How a Wind Tunnel Works

[sonicAZ 0]

Are there any scientists, engineers, or serious drunks on this forum that can explain how a wind tunnel works in depth? Sorry if this is a super top secret discussion because I have looked at howstuffworks.com etc... no results.

[Peej 0]

Well i'm no scientist or engineer, but i have been seriously drunk once or twice. First off, you might have better luck posting this in the tunnel forum, maybe a mod can move it for you...

Ok, have you ever been in the tunnel? What surprised me the first time i climbed in there was that the fans that create the air are at the top of the tunnel and not the bottom. (In the Skyventure Tunnels anyway) So, imagine a vertical tube with a series of fans at the top and a nothing but a wire mesh net on the bottom - that's the tunnel, basically of course.
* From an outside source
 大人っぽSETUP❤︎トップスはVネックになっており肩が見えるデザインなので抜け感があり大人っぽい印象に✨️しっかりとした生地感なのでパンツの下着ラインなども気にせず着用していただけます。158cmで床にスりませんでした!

The fans at the top suck wind up through the "tube" and this simulates the relative wind that we skydive on/ in. There's a room that looks into the tunnel where a controller sits and he/ she controls the fan speed and flow of wind through the tunnel.

This was how i understood it anyways. What else would you like to know specifically?

edited for clarity and to add:

Like Packerboy said, there are also tunnels with the fams in the bottom, ie the blowing ones, but i don't know where they are situated. There are also outdoor "skydiving simulators" with the fans underneath - like the one in the movie "Dropzone"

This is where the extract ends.